- _About this task_
Your answer must be only the lines below from the one containing "我们使用专业色彩测试仪红蜘蛛" through the one containing "其中,由赵秉新老师指导,赵敏", copied exactly, with the pictures left out.

════

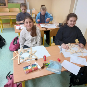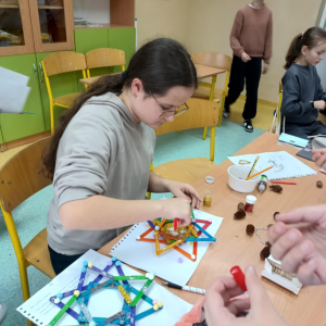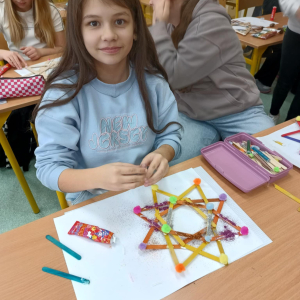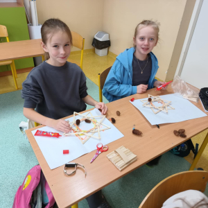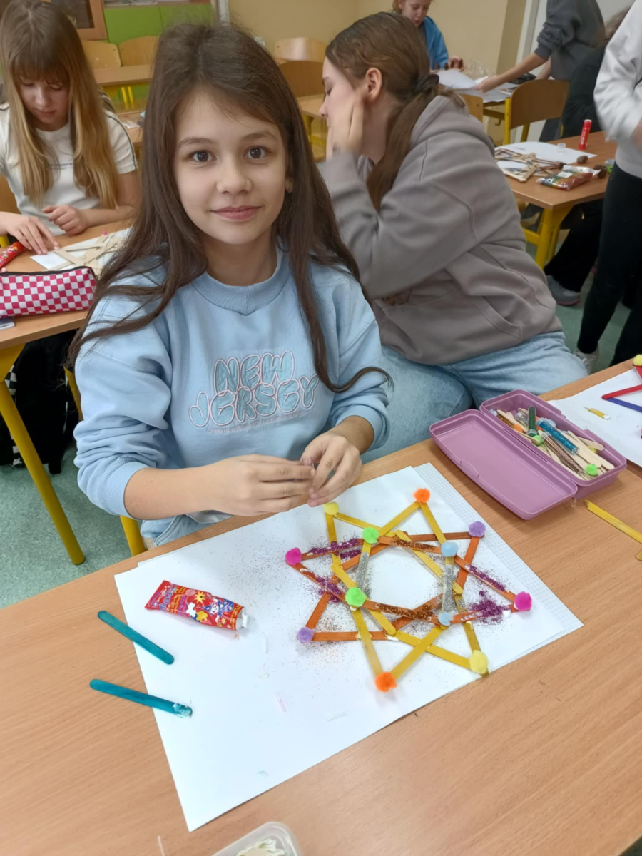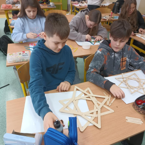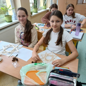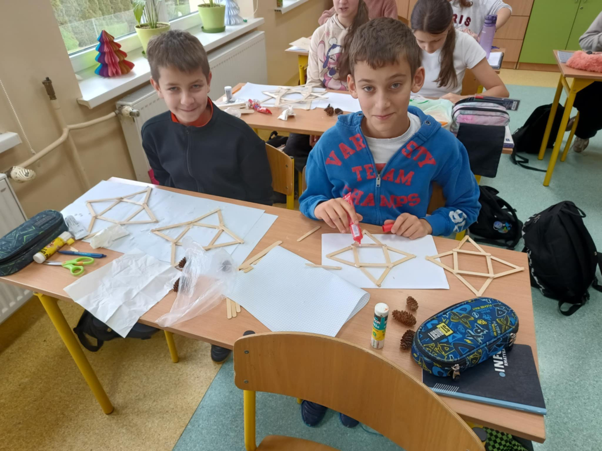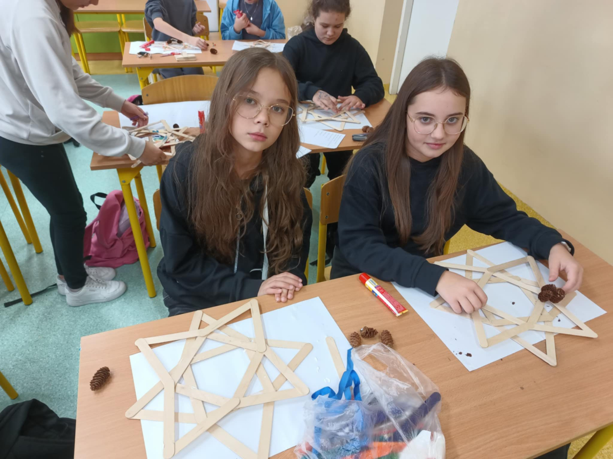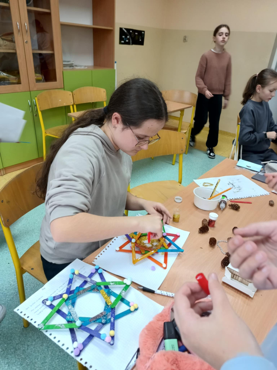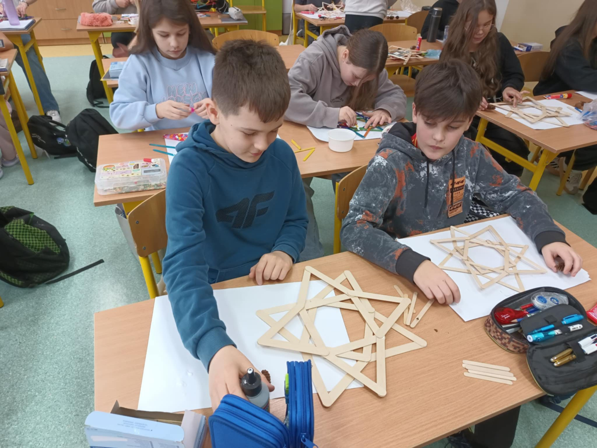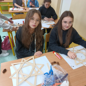 Piątoklasiści krok po kroku tworzyli swoje dekoracje, łącząc patyczki w różne układy i ozdabiając je według własnego pomysłu. Na zajęciach panowała twórcza atmosfera – uczniowie chętnie dzielili się pomysłami, pomagali sobie nawzajem i wykazywali dużą staranność wykonania.
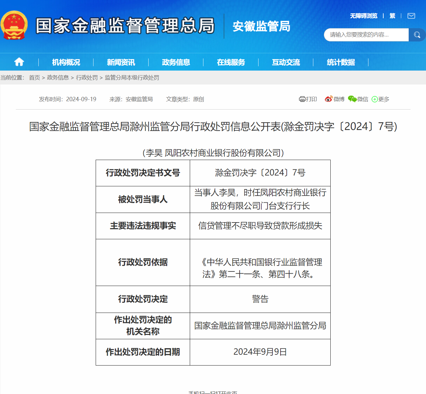 时任凤阳农村商业银行股份有限公司门台支行行长李昊,主要违法违规事实为信贷管理不尽职导致贷款形成损失,被警告处分。
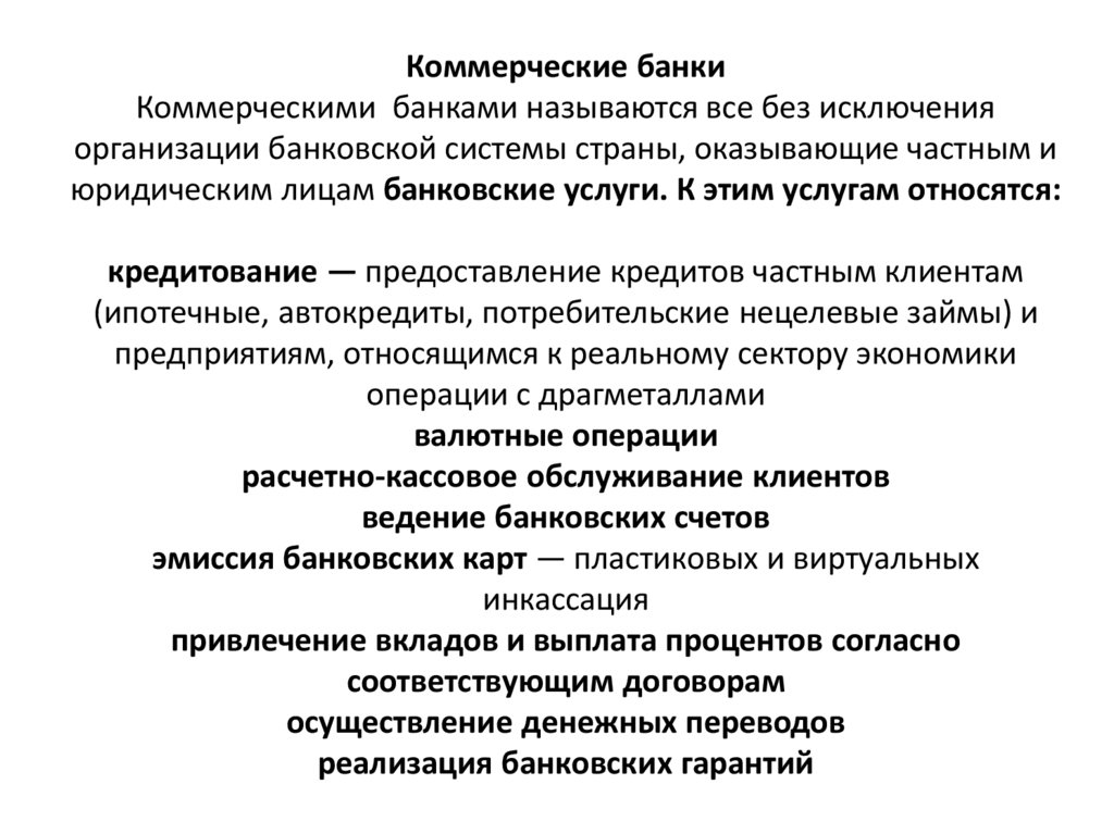 Коммерческие банкиКоммерческими банками называются все без исключения
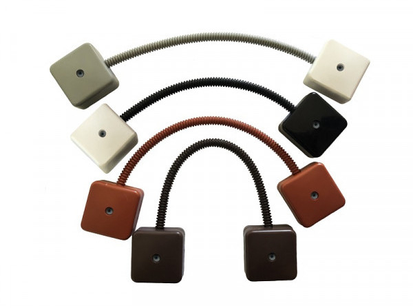 УС-4х4/500 гибкий переход - кабель в пластиковом гофрорукаве, длинной 500мм, 2 соединительные коробки по 4 пары клемм, с степенью защиты (IP40), температурой эксплуатации от -60 до +700С предназначен для монтажа систем охранно-пожарной сигнализации, теленаблюдения, а также монтажа других цепей постоянного или переменного тока, устанавливаемых на подвижных конструкциях (окна, двери, распашные ворота).
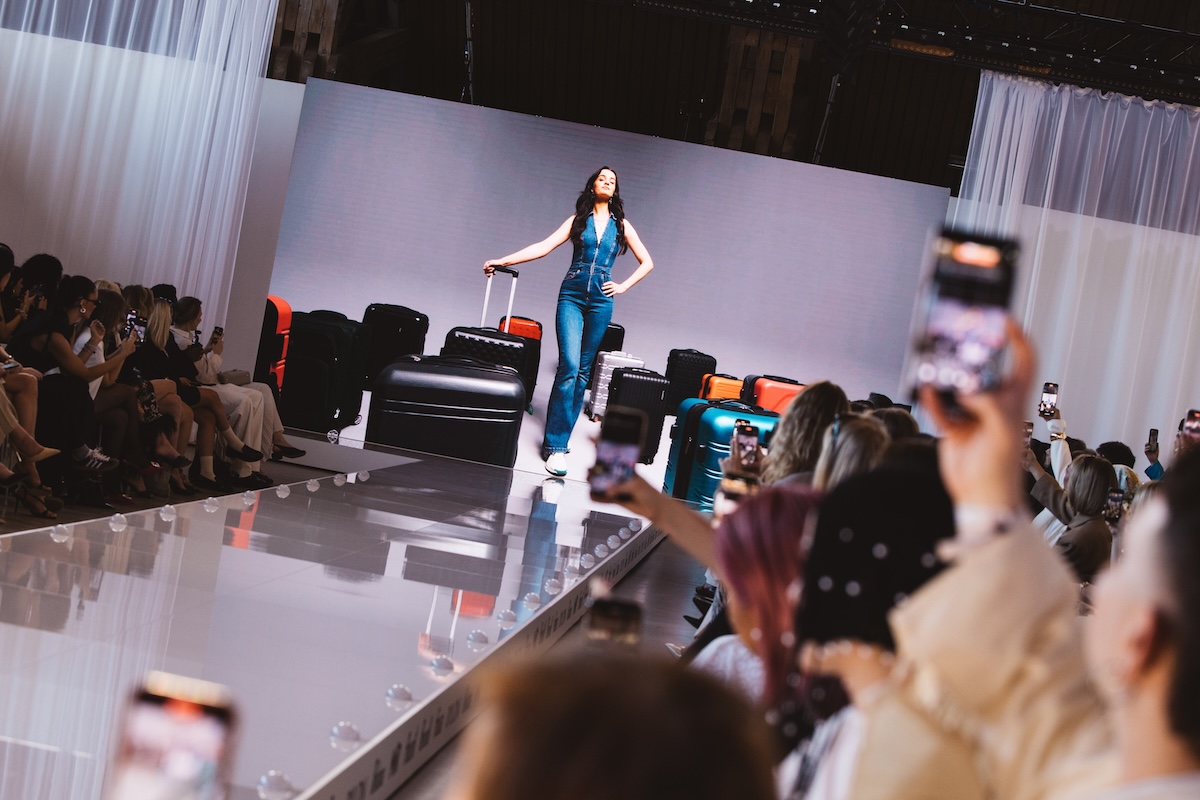 Umgeben war die Fashionshow von einer Kommunikation im Raum, zu der eine Anzeigetafel im Flughafen-Stil, Airport-Fotospots und Waschmaschinen gehörten.
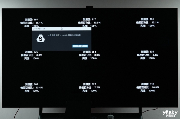 我们使用专业色彩测试仪红蜘蛛5,亮度均匀性测试结果显示,TCL办公智屏M98A在100%亮度时,其亮度均匀性偏差百分比最高在16.1%以下,整体差异不大,普通液晶电视或显示器偏差会达到20%-30%左右。
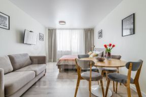 Уютная студия расположена в Красногвардейском районе Санкт-Петербурга.
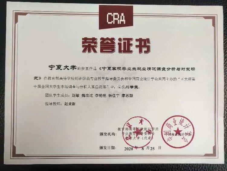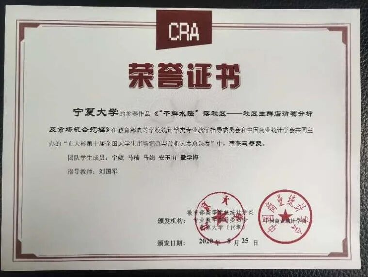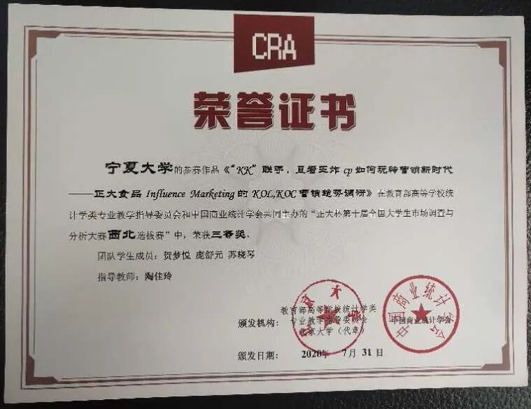 其中,由赵秉新老师指导,赵敏、魏改过、李艳艳、杨佳宁、廖思灏组成的项目团队和刘国军老师指导,宁婕、马楠、马娟、安玉雨、撒学梅组成的项目团队获得“正大杯”第十届全国大学生市场调查与分析大赛总决赛三等奖;汪文帅老师指导,张慧慧、管浩飞、李南荣、王玉照、王明慧组成的参赛小组获得“正大杯”第十届全国大学生市场调查与分析大赛西北选拔赛二等奖;陶佳玲老师指导,贺梦悦、庞舒元、苏晓琴组成的小组获得“正大杯”第十届全国大学生市场调查与分析大赛西北选拔赛三等奖。
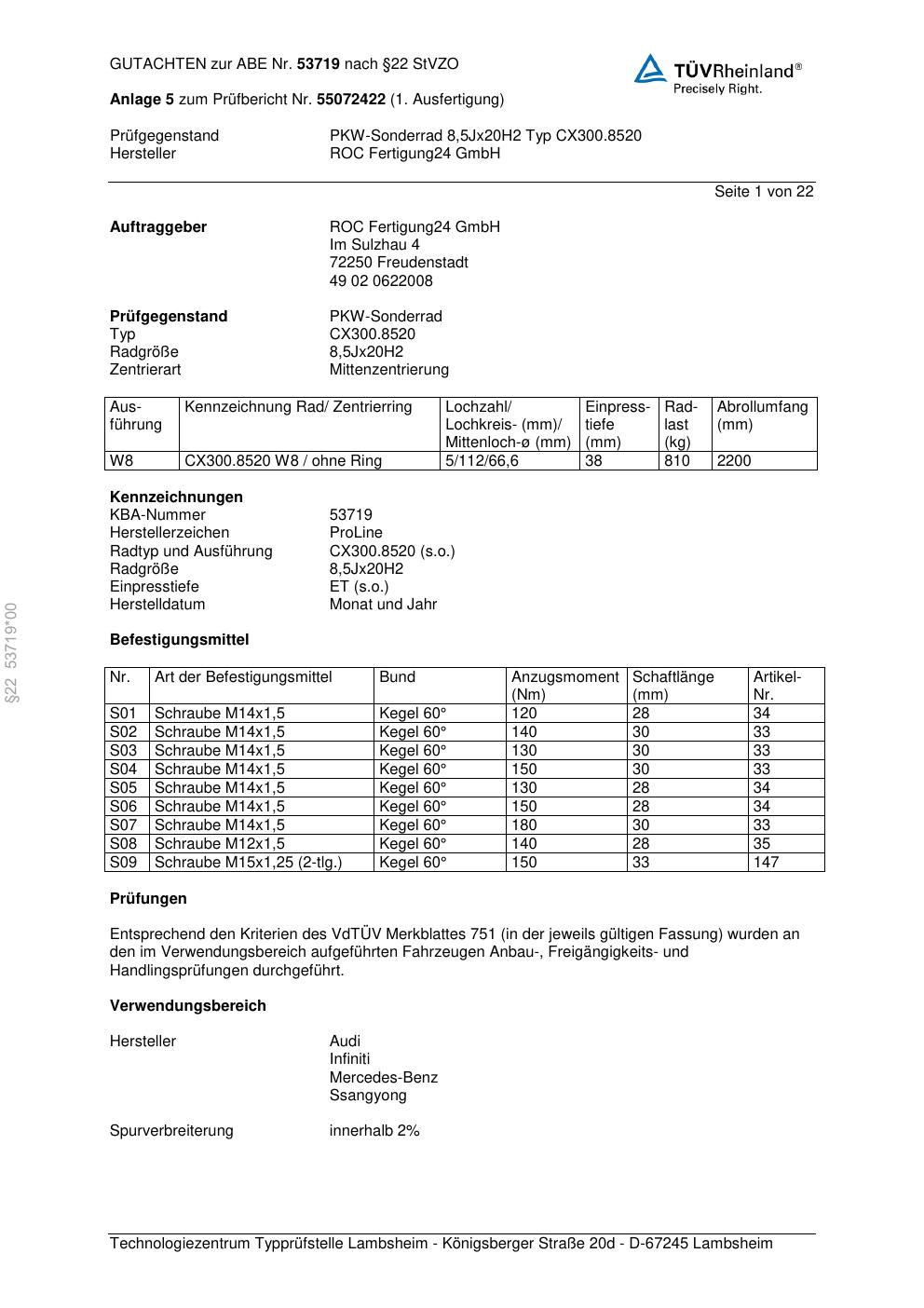 Felgengutachten / ABE für Alufelgen Proline CX300.85 (8.5Jx2 ET 0, Mittenloch 0 mm) mit KBA 53719 (Zertifikatsnummer KBA 53719). Hier kostenlos als PDF herunterladen. Der Download-Link ist 24 Stunden gültig und kann bis zu zwei Mal verwendet werden.

════

- _Your response_
 我们使用专业色彩测试仪红蜘蛛5,亮度均匀性测试结果显示,TCL办公智屏M98A在100%亮度时,其亮度均匀性偏差百分比最高在16.1%以下,整体差异不大,普通液晶电视或显示器偏差会达到20%-30%左右。
 Уютная студия расположена в Красногвардейском районе Санкт-Петербурга.
 其中,由赵秉新老师指导,赵敏、魏改过、李艳艳、杨佳宁、廖思灏组成的项目团队和刘国军老师指导,宁婕、马楠、马娟、安玉雨、撒学梅组成的项目团队获得“正大杯”第十届全国大学生市场调查与分析大赛总决赛三等奖;汪文帅老师指导,张慧慧、管浩飞、李南荣、王玉照、王明慧组成的参赛小组获得“正大杯”第十届全国大学生市场调查与分析大赛西北选拔赛二等奖;陶佳玲老师指导,贺梦悦、庞舒元、苏晓琴组成的小组获得“正大杯”第十届全国大学生市场调查与分析大赛西北选拔赛三等奖。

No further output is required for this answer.